Source records:
[Start of section]

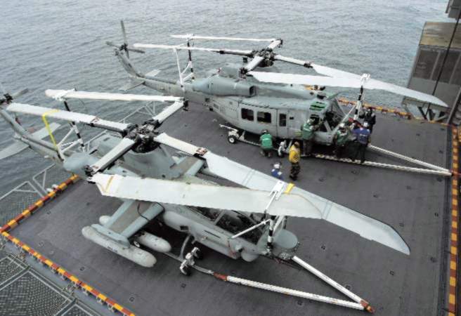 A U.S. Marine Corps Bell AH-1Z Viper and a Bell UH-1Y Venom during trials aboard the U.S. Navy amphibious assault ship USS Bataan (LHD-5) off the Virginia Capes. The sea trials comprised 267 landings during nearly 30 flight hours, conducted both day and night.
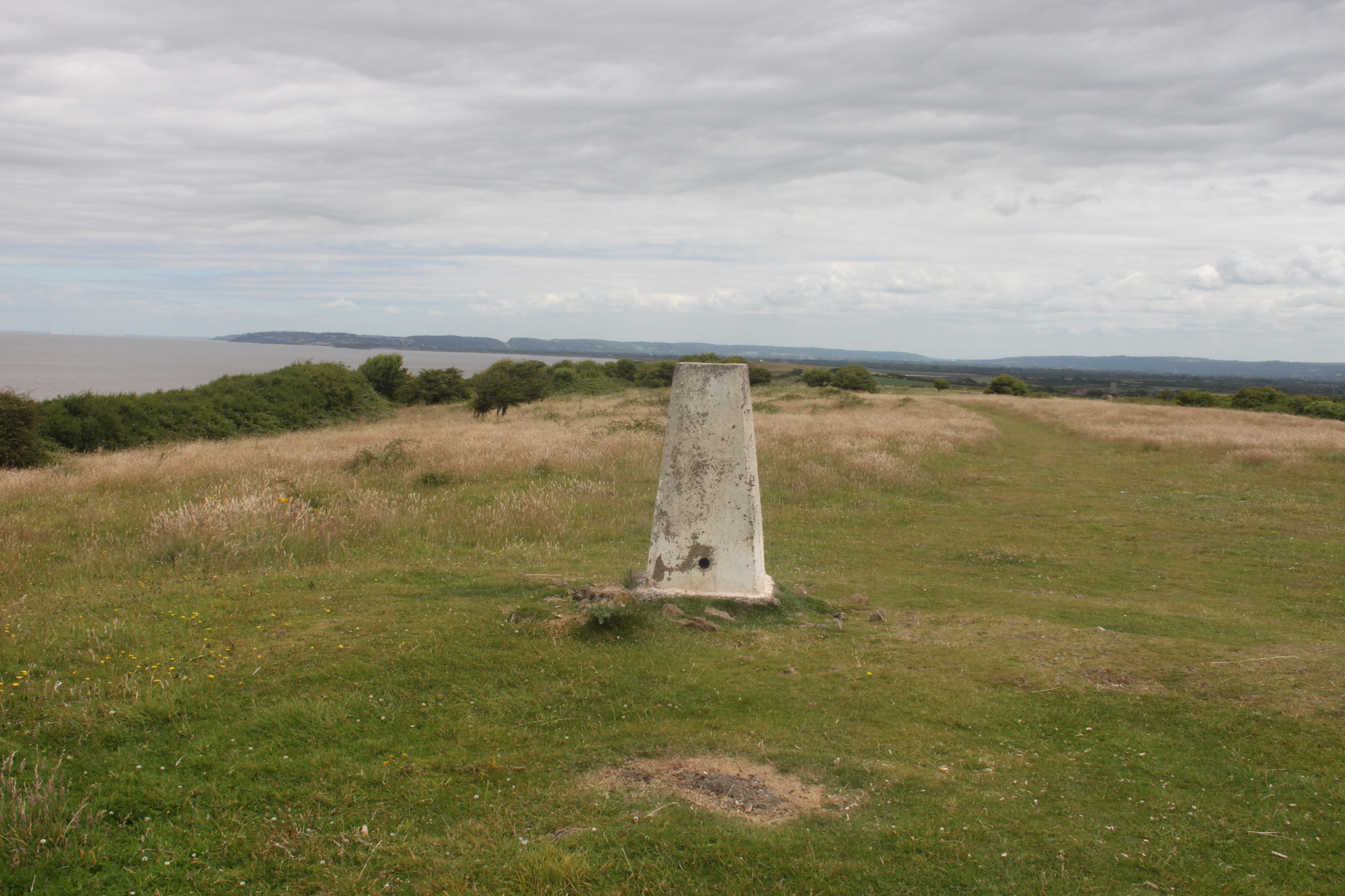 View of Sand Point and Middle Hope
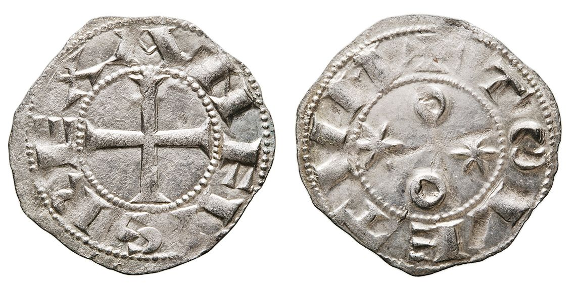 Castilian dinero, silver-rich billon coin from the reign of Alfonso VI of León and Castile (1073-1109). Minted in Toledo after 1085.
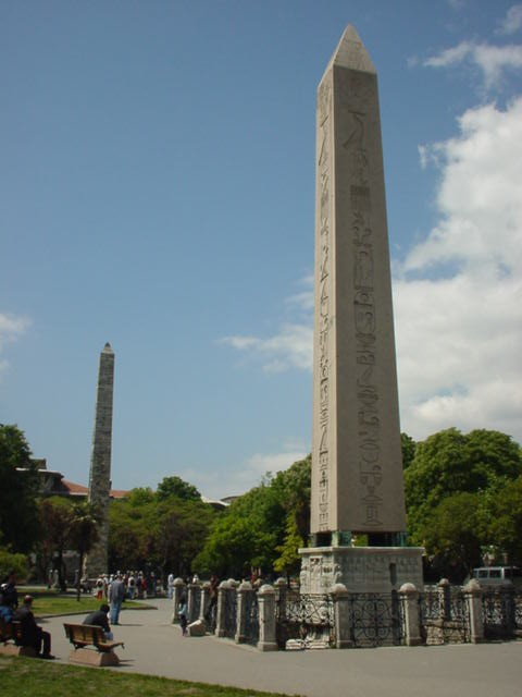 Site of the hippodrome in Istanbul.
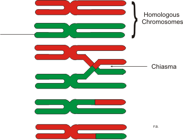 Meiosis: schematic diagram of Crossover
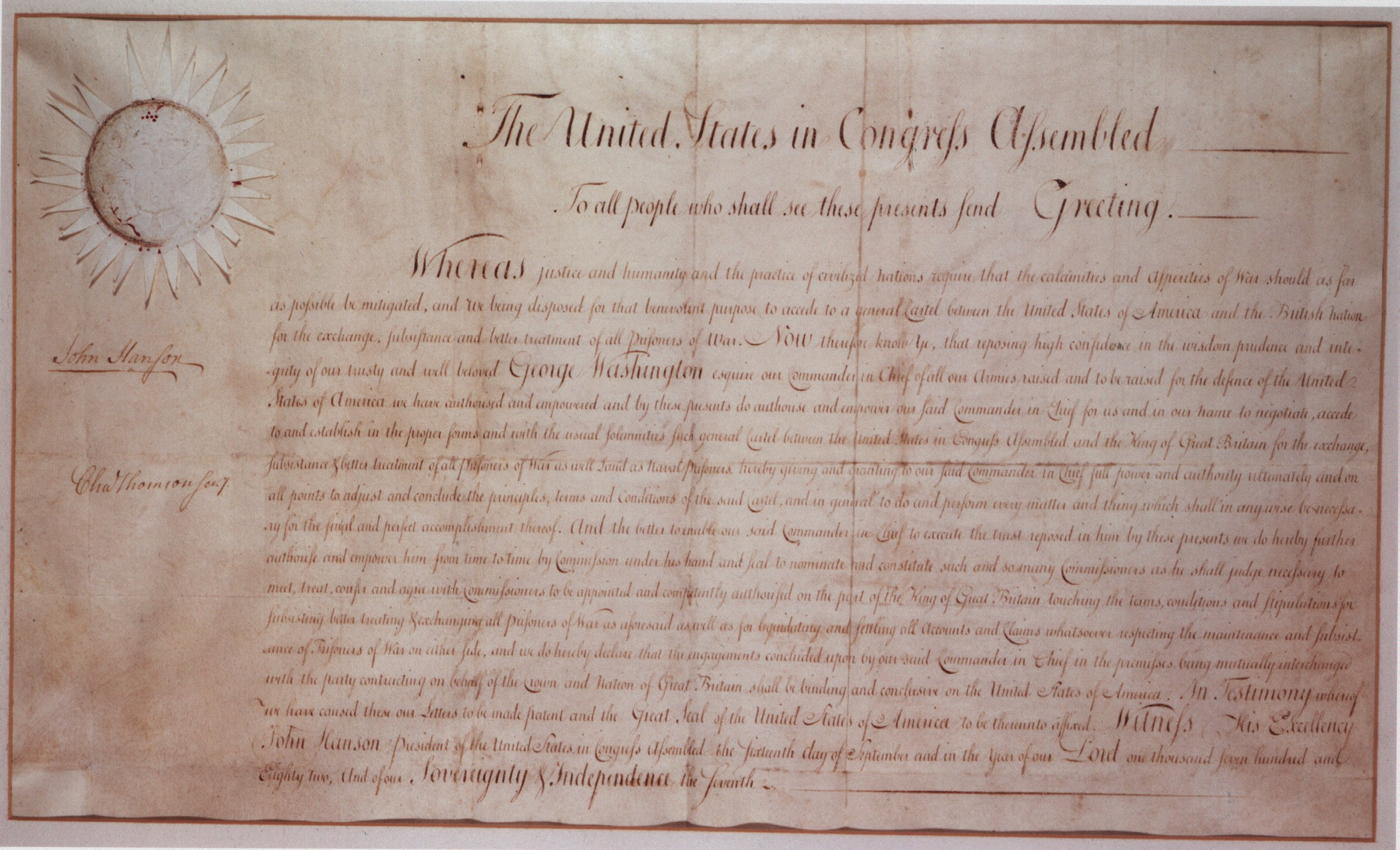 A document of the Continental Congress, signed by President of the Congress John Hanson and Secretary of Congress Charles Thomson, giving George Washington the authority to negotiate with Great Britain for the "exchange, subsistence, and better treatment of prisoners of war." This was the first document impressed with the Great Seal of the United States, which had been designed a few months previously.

[End of section]
[Start of section]

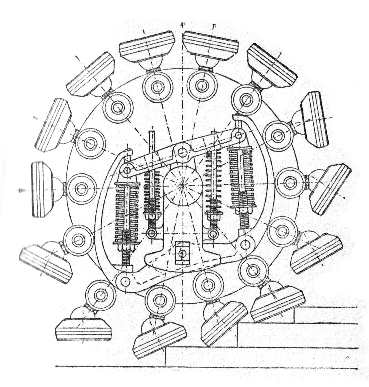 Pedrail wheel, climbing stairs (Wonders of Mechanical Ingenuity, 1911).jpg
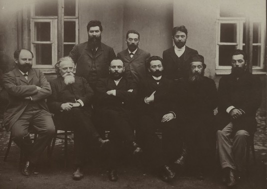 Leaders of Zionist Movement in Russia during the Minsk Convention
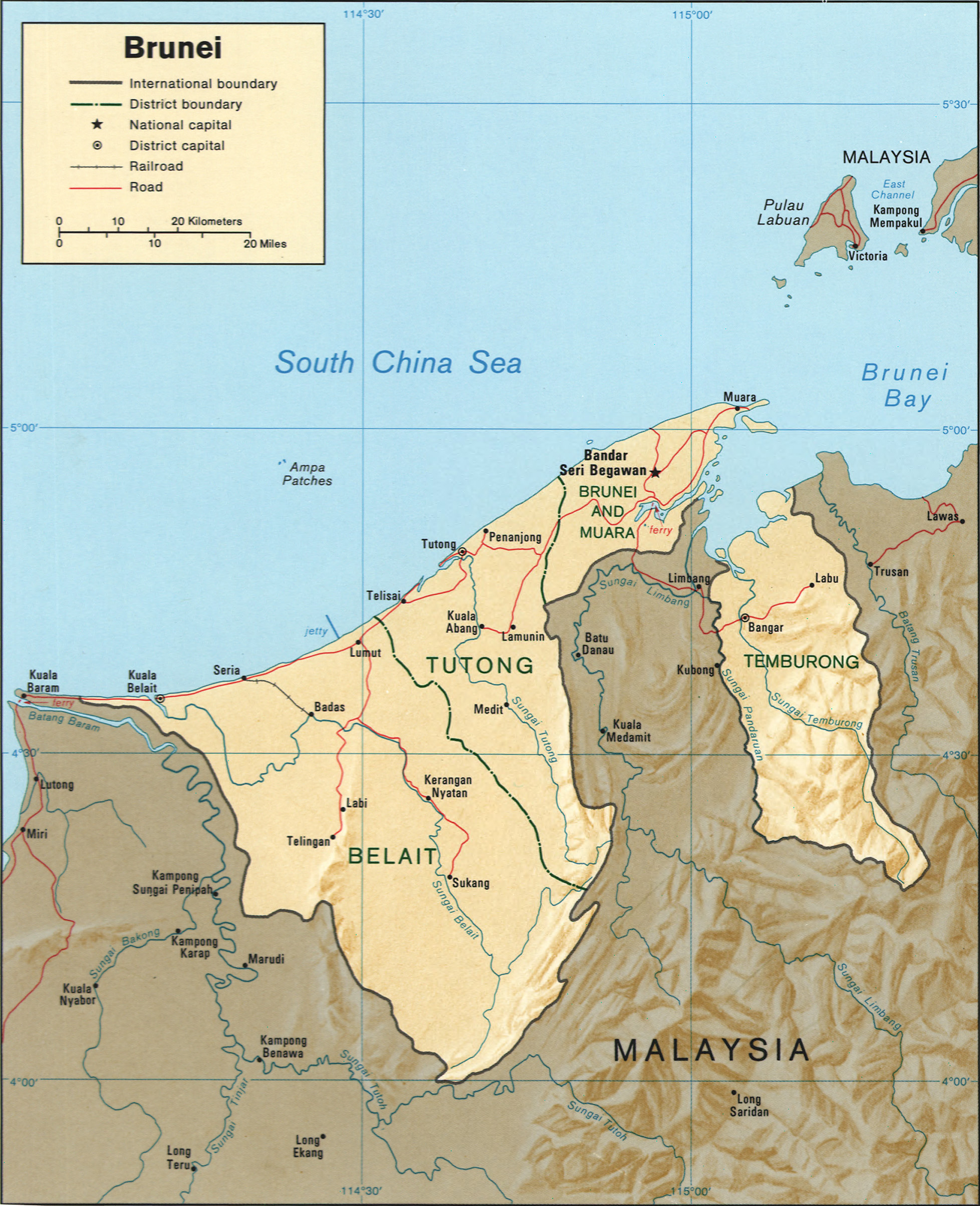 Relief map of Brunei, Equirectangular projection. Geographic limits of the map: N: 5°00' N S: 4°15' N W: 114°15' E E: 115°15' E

[End of section]
[Start of section]

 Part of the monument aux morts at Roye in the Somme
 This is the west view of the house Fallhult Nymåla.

[End of section]

Find where the line with "Site of the hippodrome in Istanbul." sits in the material above and where the line with "Meiosis: schematic diagram of Crossover" sits. Set down exactly the lines from the first to the second, both included and nothing else, without pictures.

 Site of the hippodrome in Istanbul.
 Meiosis: schematic diagram of Crossover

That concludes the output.